In recent years, vacancy level has continued to edge higher across Hong Kong’s overall Grade A office market and in some decentralised submarkets. According to JLL, by the end of Q1 2024 the overall vacancy rate for Grade A offices in Hong Kong stood at 13.1% – the highest since the 1990s.
In Q1 2024, there were 18,160 job vacancies in office-related industries in Hong Kong. However, even if all job vacancies were filled, with each job position requiring 73 sq ft of net floor area (NFA), the market can only absorb 1.3 million sq ft of office space. With total vacant office space currently stands at 14 million sq ft, this would only help reduce the overall office vacancy rate to 12%.
To occupy this remaining 13.2 million sq ft of vacant office space, our analysis indicates the market would require at least 181,700 additional new office-related job openings. In summary, the 18,160 existing vacancies are insufficient to significantly reduce the total vacant office space.
Figure 1: No. of office-related job vacancies in Hong Kong
Source: Census and Statistics Department, JLL, 2024
In the medium-term, the market will have to contend with high vacancy levels. However, even during broader economic or market challenges, there are bright spots that offer a measure of optimism over a longer timeframe.
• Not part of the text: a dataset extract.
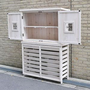 シンプルなベーシックデザインの大型木製エアコン室外機カバーと、上部用収納庫のお得なセット商品です。

The high vacancy levels give occupiers more flexibility to move to newer buildings, where they can leverage stronger bargaining power. In these market conditions, buildings that are newer, forward-looking, and incorporate ESG features as well as advanced technology will have a competitive advantage. This dynamic creates opportunities for both occupiers, who can be more selective, as well as landlords of the most forward-looking buildings, who can potentially maintain stronger occupancy and rental rates. It’s a shift that favors modern, sustainable real estate assets over the medium to long term.
According to JLL APAC Research, the office re-entry rate has gradually returned to a ‘normal’ level. Specifically, Hong Kong’s office re-entry rate has shifted towards the ‘normal’ (over 90% of normal) range over the subsequent years. This suggests that the city has since seen a steady return of employees to in-person work at office locations.
Additionally, the finance and insurance sectors in Hong Kong are poised to benefit from several key demand drivers in the coming years. Integration within the Greater Bay Area (GBA) and Hong Kong’s role as an offshore RMB hub presents a significant opportunity for the industry. Hong Kong’s status as a leading international financial centre, combined with the fundraising needs of China’s burgeoning tech sector, is expected to generate sustained demand for financial services, thus translating to sustainable office demand.
On the other hand, Mainland China is set to remain a primary engine of global economic growth. This China-driven growth is also anticipated to boost demand for asset management and cross-border wealth management services in Hong Kong as investors seek to capitalise on the country’s economic dynamism.
The chart below shows that the number of PRC offices has increased from 901 in 2013 to 2,177 in 2023, indicating a substantial expansion of over 140%. Moreover, the percentage of PRC offices in Hong Kong soared, from around 13% in 2013 to 25% in 2023. This consistent growth reflects the deepening economic integration and increasing business presence of mainland China in Hong Kong.
Figure 2: No. of regional headquarters/regional offices/local offices from PRC in Hong Kong
Source: Census and Statistics Department, 2024
The continued presence of multinational corporations (MNCs) in Hong Kong provides a reliable source of sustained demand from non-local companies operating in the market. This diverse set of demand drivers, ranging from regional integration to domestic and international corporate activity, positions the finance and insurance sectors as key beneficiaries of the city’s ongoing economic development and evolution.